Application of the generalized Clifford-Dirac algebra to the proof of the Dirac equation fermi-bose duality

• Published in: TWMS journal of applied and engineering mathematics Vol. 3; no. 1; pp. 46 - 61
• Main Authors: Simulik, V.M, Krivsky, I. Yu, Lamer, I.L
• Format: Journal Article
• Language: English
• Published: Istanbul Turkic World Mathematical Society 01.01.2013; Elman Hasanoglu
• Subjects: Algebra; Analysis; Conservation laws; Dirac equation; Duality theory (Mathematics); Mathematical analysis; Proving; Representations; Symmetry; United States
• ISSN: 2146-1147; 2146-1147

The consideration of the bosonic properties of the Dirac equation with arbitrary mass has been continued.

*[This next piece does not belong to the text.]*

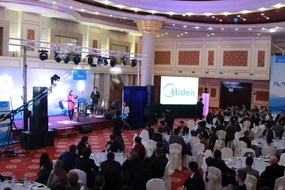 Презентация нового продукта прошла в Алматы. На торжественное событие были приглашены более 150 представителей крупнейших магазинов электронной техники из Центральной Азии и Кавказа. Представители Midea тепло приняли своих партнеров, а особо отличившихся за год работы наградили памятными подарками. Во время мероприятия были также представлены и другие новейшие модели бытовой техники Midea: холодильники, стиральные машины и обогреватели.

As the necessary mathematical tool the structure and different representations of the 29-dimensional extended real Clifford-Dirac algebra (Phys. Lett. A., 2011, v.375, p.2479) are considered briefly. As a next step we use the start from the Foldy-Wouthuysen representation. On the basis of these two ideas the property of Fermi-Bose duality of the Dirac equation with nonzero mass is proved. The proof is given on the three maim examples: bosonic symmetries, bosonic solutions and bosonic conservation laws. It means that Dirac equation can describe not only the fermionic but also the bosonic states.